Thanks everybody for a lot of valuable input.
I do not think this "Nagios agent for NonStop" is going to be
something like a product because we are not a vendor.
Anyway, if somebody is interested in some more details or has some
good ideas concerning things to monitor feel free to contact me.

wbreidbach

unread,

Apr 11, 2013, 7:24:36 AM4/11/13

to

Just to give an update on this really old but probably interesting theme:
Meanwhile we have developed a complete set of monitoring tools. This toolbox is able to take care of most of the regularly daily work. in addition it is able to act as a client to Nagios and other monitoring servers. For those interested in this have a look at the March Availability Digest:

http://www.availabilitydigest.com

Robert Hutchings

unread,

Apr 11, 2013, 9:14:01 AM4/11/13

to

We used NetCool on a UNIX server for our event monitoring. This was 2000-2001 time frame. We had to use a special library to send messages from applications to NetCool.

It puzzled me why we were using a UNIX server to process NonStop events, but I guess the suits in the mahogany offices thought it was a great idea :)

Roberto Veldhoven

unread,

Apr 12, 2013, 5:34:20 AM4/12/13

to

We are using Nagios here to present the status of many systems/applications (Nagvis also being used, my colleague says). But because the interface is limited and poor (IMO) we have created a gSoap webserver on the Linux box running Nagios, and created a gSoap-client on the NonStop host to send over the statuses. Essentially this leaves all poor implementation-issues (like the limited amount of data that can be transferred) on the Linux server.

So, in Nagios-terms, it is only passive checks being done.

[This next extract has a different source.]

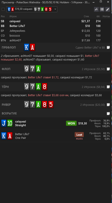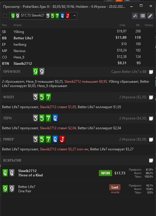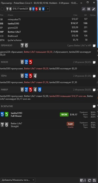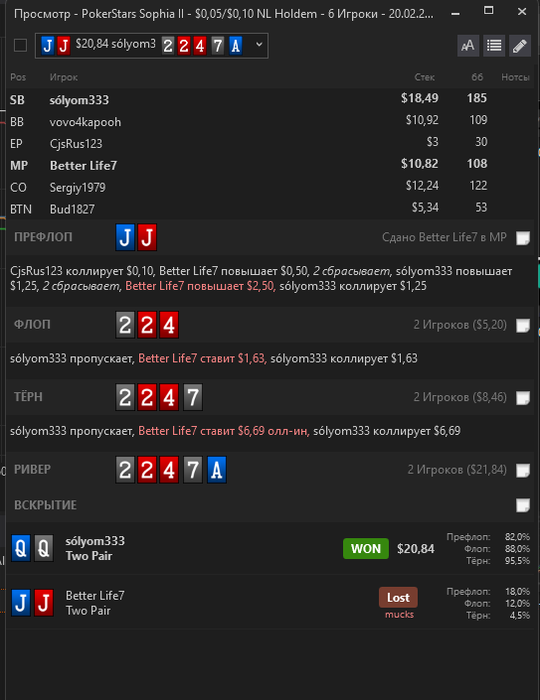 Сегодня так,почти камбекнул,с тремя баксами из сундука сегодня в -0.27$ отыграл.Сдавали сегодня не очень,премиум руки не оплатили ни разу ,изолировал фишей,но в доску они попадали лучше меня.Ожидаемо после 4 плюсовых сессий подряд,отделался легким испугом.Но и пару ошибок тоже сделал.

Its use is growing here too, one recent project started is to send over the result of each backup-job. So it is fairly strategic (I do not expect approval to share any code).

wbreidbach

unread,

Apr 12, 2013, 8:57:33 AM4/12/13

to

We have written our own monitoring which is acting proactive where possible. We are using a pretty simple TCP/IP interface to deliver all information to a Nagios server. This tool has taken over most of the boring daily work like reloading files, restarting processes, checking backup-listings, creating SQL-statistics and a lot more. In addition we collect most of the system configuration and store the information in SQL-tables. Last but not least we collect lots of statistical data.
The functionality is permanently growing. For us this is really stratigic and my management has decided that we would be willing to license this tool for others charging a monthly fee. An Enscribe-version is being tested at the moment, this has been developed because I wanted to verify if this is possible. We are not a software vendor so we are not going to "sell" the software like a vendor would do.